I swear to God I wanted things to be different between us.  I wish that I would have had the wisdom then that I do in life now.  The end result may have been different.  As I walked with my carry on, I really thought he would come running thru the airport screaming my name.  Begging me not to leave, but that never happened.  Instead I stood in a trance hypnotized by my own fantasy.

Forcing myself to move forward, I boarded the plane.  Walked all the way to the back, and sat by the window. I cried until we took off. I was scared.  My heart was shattered and my faith had been crushed.

 

 

 

 

 

 

 

 

 

 

 

 

 

 

 

CHAPTER 5

ARIZONA

 

 

 

 

 

 

 

 

 

 

I nodded off and when I woke up I was in Arizona. I was so slow getting off the plane.  So slow, that the attendants asked me if I needed to be escorted in a wheelchair. This was harder than I imagined.

I shook that feeling off and put a little pep in my step and a smile on my face.  I was ready to greet my family. It was so heartwarming to receive such love from my aunt, cousins, and uncle. I hadn’t seen them in a very long time.  On the ride down the unfamiliar freeway, I cried silently.  I honestly didn’t know what I was doing. It felt like I was acting like I had my life together.  Like I had all the answers, but God knows that the truth.  I could barely function.

My heart was so hurt, and so broken. I needed the quickest remedy to mend it. I was going to be living in a house with my uncle, my aunt and my four little cousins. I would have to suck up my emotions or else I would be answering a lot of questions from impressionable minds.  They went to church at least three times a week.  I would be expected to do the same. It’s not something I really was in the mood to do.  But I knew that nothing else had worked so let me try and reconnect with Jesus. Can’t go wrong with Jesus right?

That first night in a new house was eerie.  It wasn’t uncomfortable, it was just unfamiliar. I called my lover as soon as I was settled. HIs roommate answered the phone. He said that since my lover came back from the airport he was locked up in his room.  “Well knock on his door and let him know that I am on the phone, please.” My lover picked up the adjacent phone.  “Hi baby” and I cried back “Hi baby!”

I think that was one of the very first times he called me baby. I sat in my new room at the edge of my bed listening to his voice.  He asked me, how my plane ride was. “Bumpy, I cried myself to sleep”  “Then I woke up in Arizona.”  He told me that everything would be ok. “Do you still love me?” I replied “I will never stop, not even death could keep me from it,” he sighed… then I sighed. “I love you too”

Drifting in, and out of sleep, I had strange dreams.  It was dreams of my lover and her.  The frail ex that loved him just as much as I did. I woke up in a cold sweat. Out of habit, when I saw that it was 6am, I picked up the phone and called my lover.  Even though I was in another state it was imperative to keep our connection, if we were going to survive this separation.

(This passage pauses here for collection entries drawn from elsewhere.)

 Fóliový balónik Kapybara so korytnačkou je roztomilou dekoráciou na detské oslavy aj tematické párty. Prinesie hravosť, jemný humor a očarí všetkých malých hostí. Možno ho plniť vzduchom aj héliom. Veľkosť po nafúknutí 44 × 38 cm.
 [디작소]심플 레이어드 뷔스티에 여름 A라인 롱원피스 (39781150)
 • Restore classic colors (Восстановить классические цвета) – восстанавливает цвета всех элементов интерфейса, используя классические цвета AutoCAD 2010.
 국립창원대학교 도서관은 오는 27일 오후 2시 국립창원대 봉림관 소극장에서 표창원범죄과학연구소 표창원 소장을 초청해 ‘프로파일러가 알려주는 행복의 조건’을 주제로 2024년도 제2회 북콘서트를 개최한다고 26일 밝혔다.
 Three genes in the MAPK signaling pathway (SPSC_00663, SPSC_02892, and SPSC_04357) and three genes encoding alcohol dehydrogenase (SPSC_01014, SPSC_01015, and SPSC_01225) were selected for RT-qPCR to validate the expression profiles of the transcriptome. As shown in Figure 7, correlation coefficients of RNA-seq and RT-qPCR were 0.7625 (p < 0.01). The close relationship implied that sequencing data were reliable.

The phone rang and rang and then rang once more…. When it was answered there were two voices that I heard on the receiving end. One voice was his roommate. The other voice was hers.  Damn!  Why in the fuck was I so naïve?  Why was I even surprised? I left and she came back. The roommate quickly said to her “it’s not for you, hang up the phone.” Everything around me became so quiet. I felt like I had suddenly became completely deaf.

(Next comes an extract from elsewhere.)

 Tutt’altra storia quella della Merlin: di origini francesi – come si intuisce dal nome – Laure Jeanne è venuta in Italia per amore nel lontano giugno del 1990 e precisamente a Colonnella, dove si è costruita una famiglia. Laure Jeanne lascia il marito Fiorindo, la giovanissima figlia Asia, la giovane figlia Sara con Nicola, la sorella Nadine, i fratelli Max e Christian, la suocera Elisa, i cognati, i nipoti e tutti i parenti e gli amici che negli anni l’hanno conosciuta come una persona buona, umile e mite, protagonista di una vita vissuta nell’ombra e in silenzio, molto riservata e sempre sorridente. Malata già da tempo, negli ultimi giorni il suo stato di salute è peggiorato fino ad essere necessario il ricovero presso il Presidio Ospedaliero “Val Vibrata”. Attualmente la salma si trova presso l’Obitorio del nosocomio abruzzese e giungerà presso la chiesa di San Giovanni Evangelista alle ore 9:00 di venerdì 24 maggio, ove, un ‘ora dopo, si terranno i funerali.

I could barely hear the roommate repeatedly calling my name.  But I felt the vibrations thru the phone and I snapped out of my shock. What you allow is what will continue.  As soon as I was gone there she was.  Loving him and becoming one with him. His roommate whispered into the phone. “He’s in there with her,” “I can go and call him to the phone if you want.”  I sat there on my bed dumbfounded and speechless. Now what in the fuck was I going to do?